Building Good Credit

One of the major factors in your credit score is how much revolving credit you have versus how much you're actually using. The smaller that percentage is, the better it is for your credit rating.

The optimum: 30 percent or lower.

To boost your score, "pay down your balances, and keep those balances low," says Pamela Banks, senior policy counsel for Consumers Union.

What you might not know: Even if you pay balances in full every month, you still could have a higher utilization ratio than you'd expect. That's because some issuers use the balance on your statement as the one reported to the bureau. Even if you're paying balances in full every month, your credit score will still consider your monthly balances.


One strategy: See if the credit card issuer will accept multiple payments throughout the month.

"A good way to improve your score is to eliminate nuisance balances," says John Ulzheimer, a nationally recognized credit expert formerly of FICO and Equifax. Those are the small balances you have on a number of credit cards.

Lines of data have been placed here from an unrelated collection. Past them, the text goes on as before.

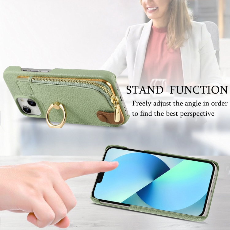 Funda Trasera para iPhone 13 con Billetera, Cremallera y Anillo de Cuero Litchi (Verde Té)
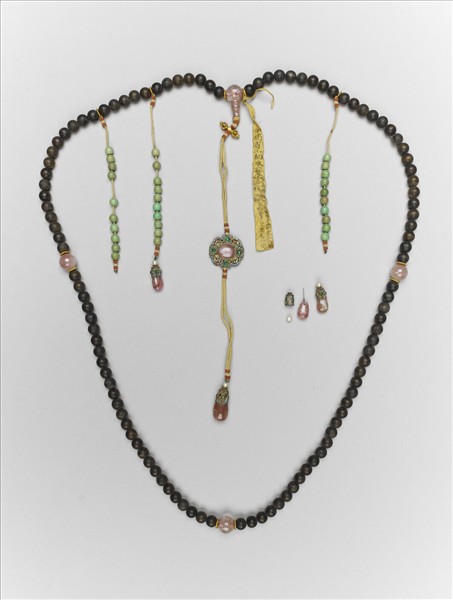 茄楠木朝珠一串,以黃絛帶穿繫之。帶碧璽佛頭及佛頭塔,間飾金襯片。下黃絲絛背雲穿繫珍珠珊瑚緝米珠,間飾金剛杵。中間繫花形點翠座鑲嵌翠綠玉珠和一塊碧璽,上下飾珍珠珊瑚緝米珠,墜角為珍珠頂點翠金托,嵌翡翠。記捻三處,十顆松石珠一串,上下穿繫珍珠珊瑚緝米珠,珍珠頂點翠托,嵌碧璽為墜角。
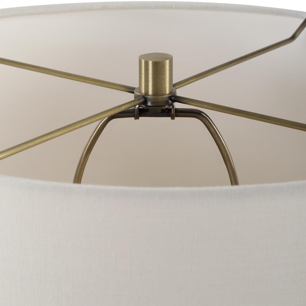 Featuring An Unfilled Honed Travertine Base Paired With Sophisticated Plated Antique Brass Accents. This Piece Combines Natural Beauty With A Touch Of Luxury, Making It A Perfect Addition To Any Decor Seeking A Balance Of Earthiness And Refinement. A Round Hardback Drum Shade Made With A Crisp White Linen Fabric Completes The Piece.
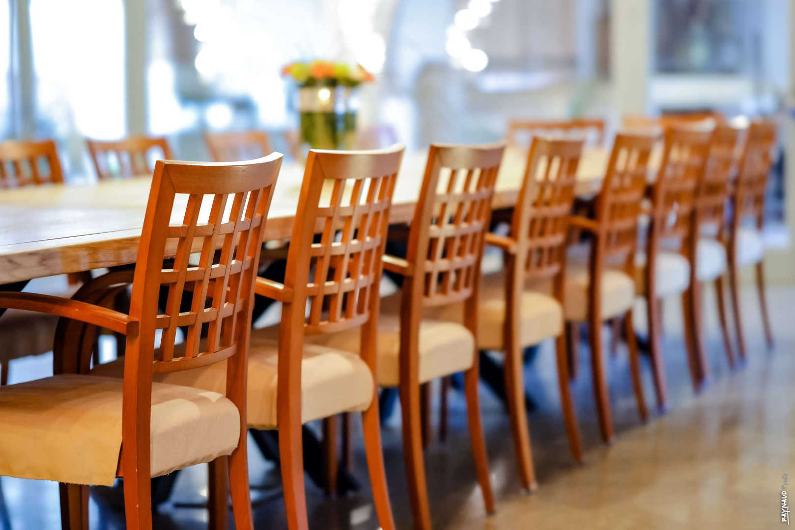 – Au rez-de-chaussée : grand séjour sous les arcades avec espace salon et TV, NETFLIX et CHEMINÉE au coin du canapé face à la baie vitrée. Grande table à manger pour 15 personnes, idéale pour les repas de famille ou entre amis, mais aussi parfait pour des SÉMINAIRES avec vidéoprojecteur et bar tout équipé pour l’accueil de groupes. Wc indépendant en rez-de-chaussée.
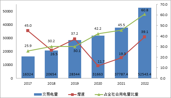 按交易結算口徑統(tǒng)計,2022年全國市場交易電量共5.25萬億千瓦時,同比增長39%,占全社會用電量比重達60.8%,同比提高15.4個百分點。其中,跨省跨區(qū)市場化交易電量首次超1萬億千瓦時,同比增長近50%。2022年國家電網(wǎng)經(jīng)營區(qū)域市場交易電量達4.16萬億千瓦時,同比增長42.7%;南方電網(wǎng)經(jīng)營區(qū)域市場交易電量0.85萬億千瓦時,同比增長27.4%;內(nèi)蒙古電網(wǎng)經(jīng)營區(qū)域市場交易電量0.24萬億千瓦時,同比增長24.9%。在電力交易機構注冊的市場主體數(shù)量首次超過60萬家,同比增長29%。

The reason this strategy can help your score: One of the items your score considers is just how many of your cards have balances, says Ulzheimer.
 Eliminate 'nuisance balances' © Andrey_Kuzmin/Shutterstock.com
So, charging $50 on one card and $30 on another, instead of using the same card (preferably one with a good interest rate), can hurt your score, he says.

The solution to improve your credit score: Gather up all those credit cards on which you have small balances and pay them off, Ulzheimer says. Then select one or two go-to cards that you can use for everything.

"That way, you're not polluting your credit report with a lot of balances," he says.
Some people erroneously believe that old debt on their credit report is bad, says Ulzheimer. The minute they get their home or car paid off, they're on the phone trying to get it removed from their credit report, he says.

Negative items are bad for your score, and most of them will disappear from your report after seven years. However, "arguing to get old accounts off your credit report just because they're paid is a bad idea," he says.

Good debt -- debt that you've handled well and paid as agreed -- is good for your credit. The longer your history of good debt is, the better it is for your score.

One of the ways to improve your credit score: Leave old debt and good accounts on as long as possible, says Ulzheimer. This is also a good reason not to close old accounts where you've had a solid repayment record.

Trying to get rid of old good debt is "like making straight A's in high school and trying to expunge the record 20 years later," Ulzheimer says. "You never want that stuff to come off your history."